Commenting on the taxation policy and return benefits, Pradeep Mitra, General Manager, Finance-Tax, TATA SONS (P) LTD, said “Incentivising the expenses based on individual mindset being, one knows that accreditation to income tax, small investments, provident fund and incentives has not been distributed by the government. There has been a policy on tax reduction and many have accepted this initiative as there would be no major changes that will affect an individual on such disincentivising in small savings and investment. So, to claim such incentives we firstly need to file our returns only then we are going to get settled with circulation. There should have been be a proper roadmap to implement such taxation policy.”

Commenting on the new taxation policy, Vijay Bhupatray Pandya, Head, Taxation, TATA Consultancy Services Limited, said “In case of long term policies we need to understand the importance of incentives to bring back the money and contribute to our market.

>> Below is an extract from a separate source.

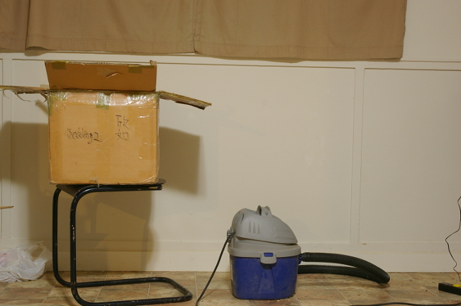 There’s been very little time to get the shop in order since the move. Between the day job, getting the rest of the house looking less of a total wreck, and some mandatory snowboarding last weekend, the only thing I’d managed was to string up the lights. At this point, I have to thank the designers of the compact fluorescent lamp (CFL). I was able to string up five full-spectrum bulbs, each with the brightness equivalent of a 100-watt incandescent bulb, combining for just over 100 watts of consumption and very little heat. The task would have been horrible with anything else because I don’t have the space for a big fixture, and the power situation in the shop is not terribly ideal, anyway.

There should be a constant cash circulation at both government and public level to secure the future of our economy. The budget needs to have a more polished approach rather than only focusing on digitisation and physical infrastructural development.”

Commenting on the taxation policy, Simachal Mohanty, Head-Global, Taxation, Dr. REDDY’s Laboratories Limited, said “In this budget session, personal tax has taken over corporate tax. Having said that, there has been a compensating affect as well through insurance policies. It has spoken of deduction and live encashment taking place parallely. So there has been a compensating affect by our finance minister. Strictly there would be a chunk of savings inclined to large surcharges. On a net basis,I would say there is a benefit for an individual as well as the elite population. This budget should have mainly focused on increasing the encashment amount and involvement of farmers in research and developmental policy.”

Commenting on the budget in domestic areas, Debashish Mukherjee, Head-Accounts, Mjunction Services Limited, said “According to this budget, the government is planning to increase the domestic demand. The government is working on the local levels and trying to push organisations through incentives and other aids to put a surge in domestic demands. This will lead to the push of small sectors and encourage them to invest in such a mechanism. This is the basic thrust of our budget.”

While delivering the closing note, Chairman, ICC National Expert Committee on Taxation & Former Head – Taxation, ITC, Pallav Gupta, said “The taxation subject is extremely vast and complex. The budget shows so many amendments that it becomes difficult to cover all sections. I realise all these custom duties, excise duty, income tax, etc. are constantly revising every month and only during the budget it  gets  shape. It is certain that this budget may also go through several further changes and the tax practitioners should be thankful to the government for practicing different tax policy every year. There is always a slippage in these tax policies. There is a need for good research by the government to construct a concrete policy for the betterment of our country’s economy.”